[[ Provided records, beginning ]]
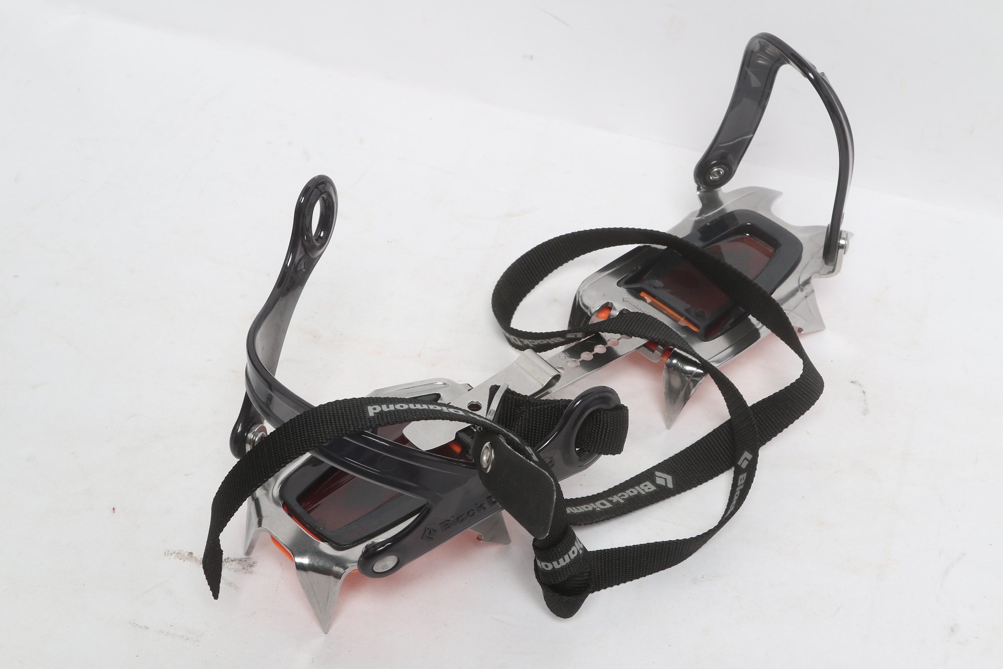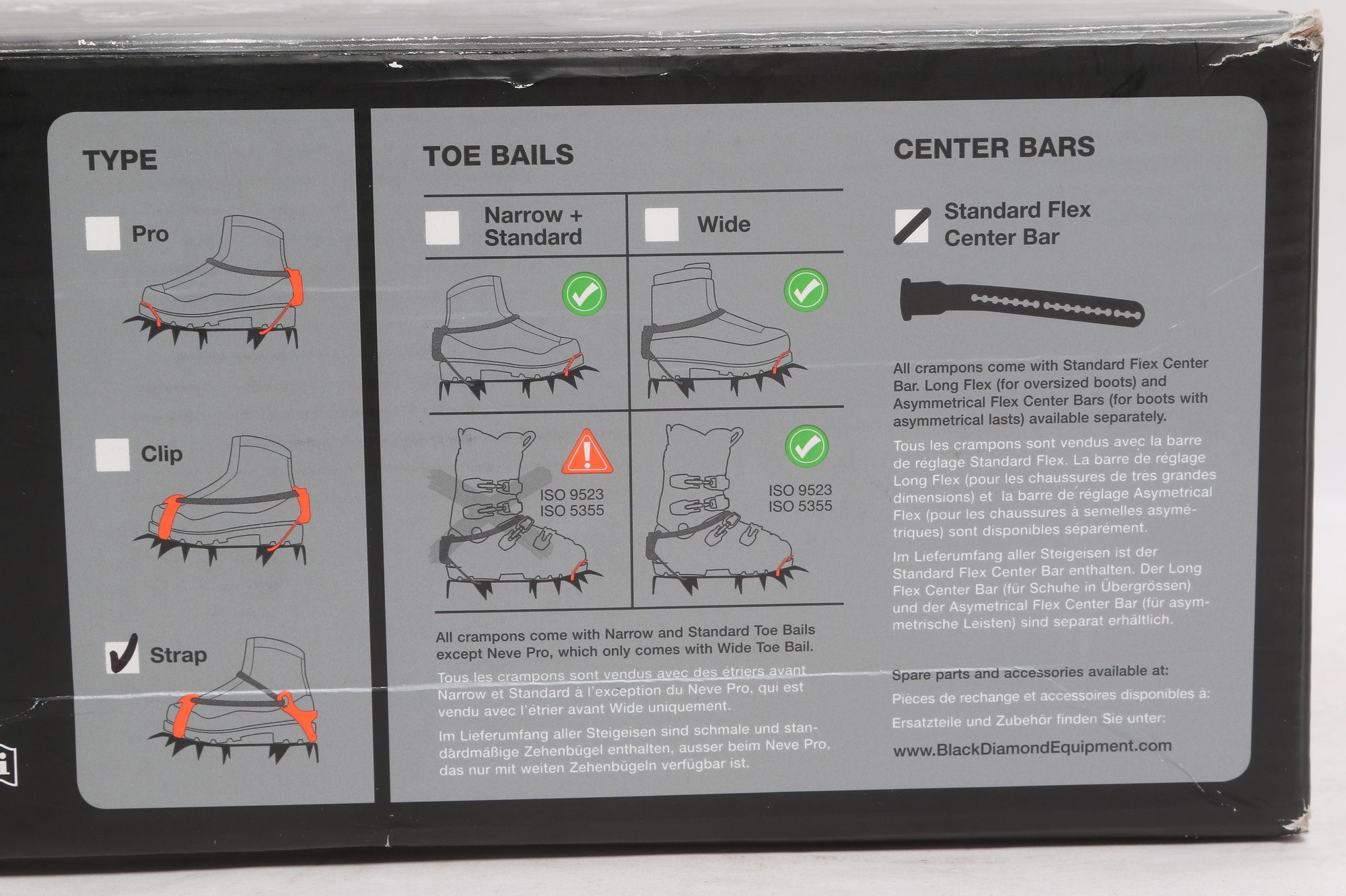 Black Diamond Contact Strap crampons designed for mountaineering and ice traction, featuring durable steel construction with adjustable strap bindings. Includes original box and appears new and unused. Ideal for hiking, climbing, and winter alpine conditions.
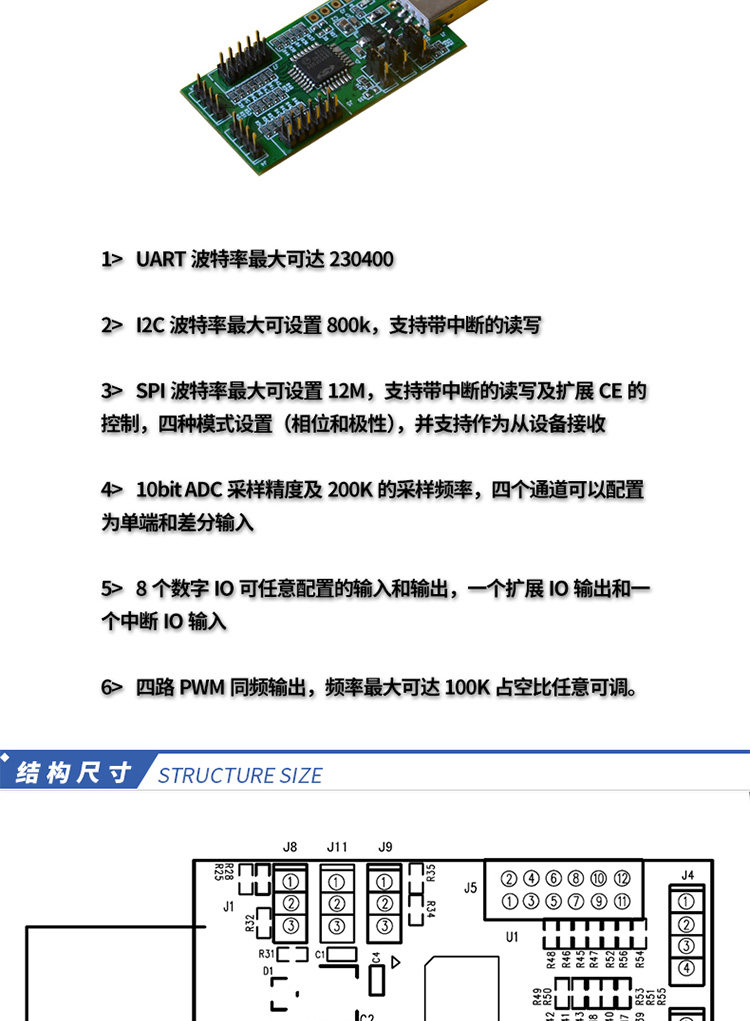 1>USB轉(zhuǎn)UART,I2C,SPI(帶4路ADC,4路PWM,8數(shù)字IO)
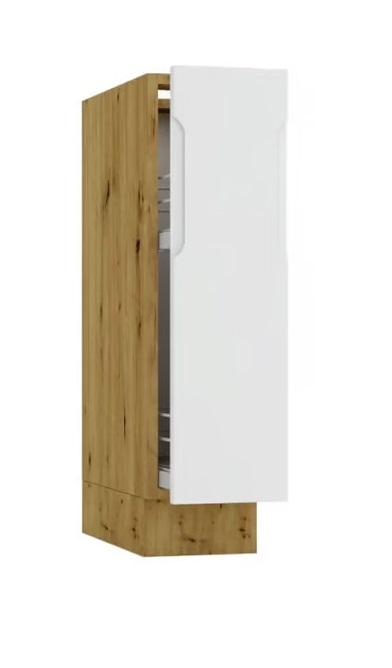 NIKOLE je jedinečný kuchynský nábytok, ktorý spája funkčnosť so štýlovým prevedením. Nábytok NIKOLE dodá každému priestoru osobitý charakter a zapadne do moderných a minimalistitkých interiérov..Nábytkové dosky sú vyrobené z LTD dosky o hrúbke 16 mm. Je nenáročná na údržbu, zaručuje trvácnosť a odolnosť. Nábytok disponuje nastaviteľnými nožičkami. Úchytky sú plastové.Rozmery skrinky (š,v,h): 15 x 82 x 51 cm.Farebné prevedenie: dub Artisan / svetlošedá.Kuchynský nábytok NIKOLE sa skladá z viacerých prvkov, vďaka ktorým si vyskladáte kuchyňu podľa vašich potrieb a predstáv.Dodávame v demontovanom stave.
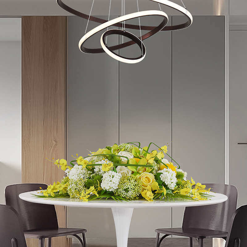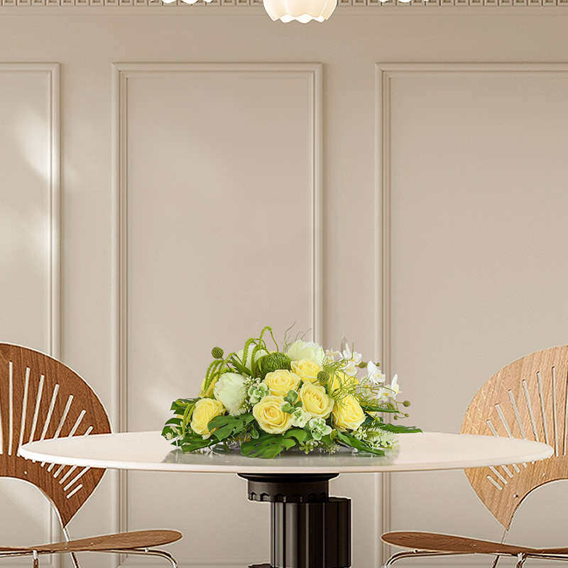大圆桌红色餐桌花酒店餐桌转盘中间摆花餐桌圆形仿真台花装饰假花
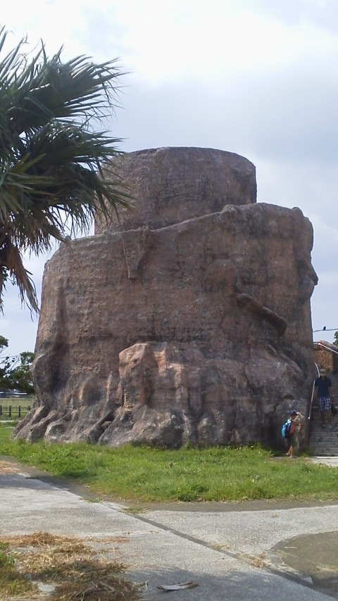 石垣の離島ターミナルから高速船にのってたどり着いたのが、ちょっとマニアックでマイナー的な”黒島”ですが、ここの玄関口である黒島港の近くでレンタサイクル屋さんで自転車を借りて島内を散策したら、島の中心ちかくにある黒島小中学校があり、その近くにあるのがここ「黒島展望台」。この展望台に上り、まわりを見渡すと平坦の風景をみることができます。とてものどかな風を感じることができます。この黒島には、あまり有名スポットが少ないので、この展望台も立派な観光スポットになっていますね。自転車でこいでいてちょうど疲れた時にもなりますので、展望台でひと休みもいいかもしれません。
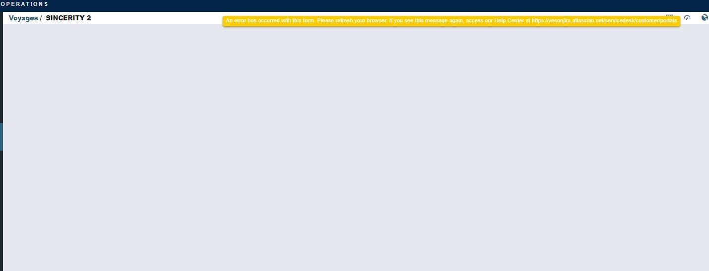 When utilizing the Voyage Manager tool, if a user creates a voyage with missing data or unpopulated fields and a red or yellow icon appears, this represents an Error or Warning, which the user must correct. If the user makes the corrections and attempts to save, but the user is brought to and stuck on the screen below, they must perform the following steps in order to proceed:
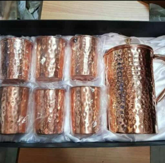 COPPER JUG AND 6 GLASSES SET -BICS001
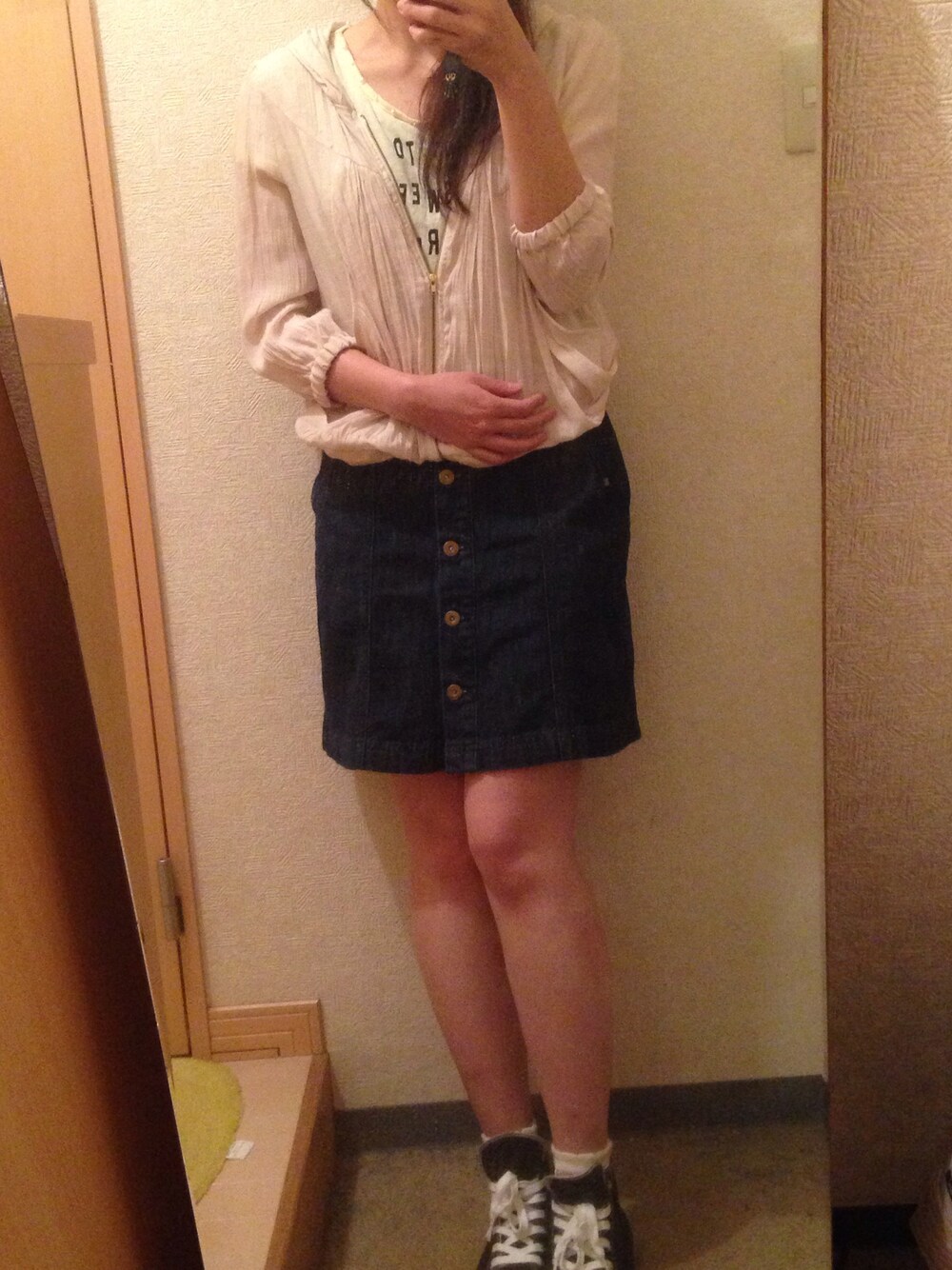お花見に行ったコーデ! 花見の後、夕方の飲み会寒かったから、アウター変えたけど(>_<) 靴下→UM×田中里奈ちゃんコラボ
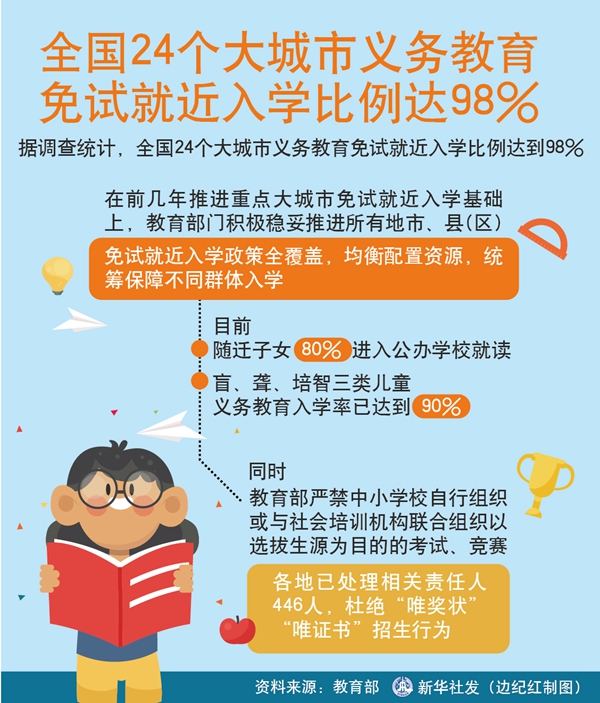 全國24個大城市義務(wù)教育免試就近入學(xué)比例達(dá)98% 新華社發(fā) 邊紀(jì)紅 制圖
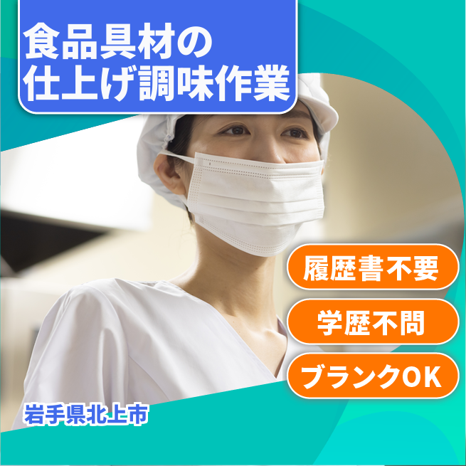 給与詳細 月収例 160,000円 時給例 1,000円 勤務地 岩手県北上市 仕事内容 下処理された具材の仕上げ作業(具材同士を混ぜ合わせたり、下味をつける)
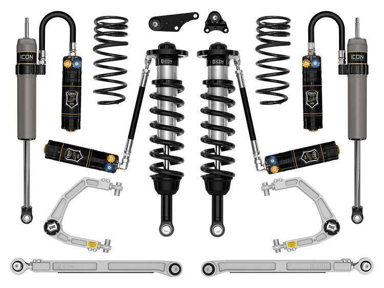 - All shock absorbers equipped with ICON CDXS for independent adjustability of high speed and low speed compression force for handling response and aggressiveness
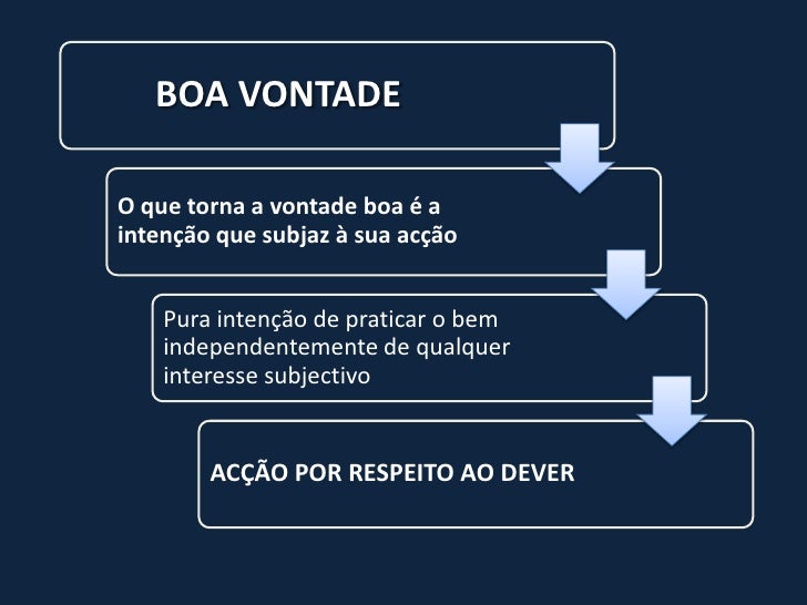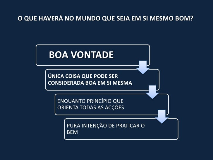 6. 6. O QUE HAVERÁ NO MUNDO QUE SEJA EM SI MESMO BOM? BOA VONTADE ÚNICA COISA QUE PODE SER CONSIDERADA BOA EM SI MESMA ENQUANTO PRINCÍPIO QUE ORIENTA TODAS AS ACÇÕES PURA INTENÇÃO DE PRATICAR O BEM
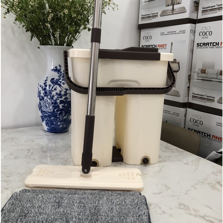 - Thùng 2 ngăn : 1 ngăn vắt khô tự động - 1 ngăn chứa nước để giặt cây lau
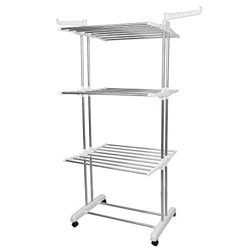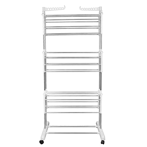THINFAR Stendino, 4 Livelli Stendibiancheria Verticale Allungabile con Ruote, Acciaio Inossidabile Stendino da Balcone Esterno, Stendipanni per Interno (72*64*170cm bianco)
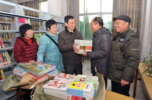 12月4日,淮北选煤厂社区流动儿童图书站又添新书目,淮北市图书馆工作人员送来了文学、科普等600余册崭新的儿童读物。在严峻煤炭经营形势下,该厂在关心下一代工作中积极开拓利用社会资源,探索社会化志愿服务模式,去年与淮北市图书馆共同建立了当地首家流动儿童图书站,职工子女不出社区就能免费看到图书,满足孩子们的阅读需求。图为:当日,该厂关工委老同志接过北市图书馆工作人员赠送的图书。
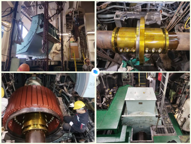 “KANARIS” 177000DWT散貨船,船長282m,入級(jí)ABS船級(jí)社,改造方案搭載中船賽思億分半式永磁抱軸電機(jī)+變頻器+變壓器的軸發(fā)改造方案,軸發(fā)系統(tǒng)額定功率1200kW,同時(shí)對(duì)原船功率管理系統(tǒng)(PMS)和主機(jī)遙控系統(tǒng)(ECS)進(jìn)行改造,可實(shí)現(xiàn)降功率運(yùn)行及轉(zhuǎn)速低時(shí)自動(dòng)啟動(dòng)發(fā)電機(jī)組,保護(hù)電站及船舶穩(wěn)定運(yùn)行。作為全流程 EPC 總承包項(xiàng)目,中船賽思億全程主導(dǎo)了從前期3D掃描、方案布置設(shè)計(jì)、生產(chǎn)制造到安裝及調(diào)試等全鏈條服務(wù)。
[[ Provided records, end ]]
Each line from the start of the entries through the line with "1>USB轉(zhuǎn)U" is to be restated exactly, and the pictures are to be skipped.

Response to this exercise:
 Black Diamond Contact Strap crampons designed for mountaineering and ice traction, featuring durable steel construction with adjustable strap bindings. Includes original box and appears new and unused. Ideal for hiking, climbing, and winter alpine conditions.
 1>USB轉(zhuǎn)UART,I2C,SPI(帶4路ADC,4路PWM,8數(shù)字IO)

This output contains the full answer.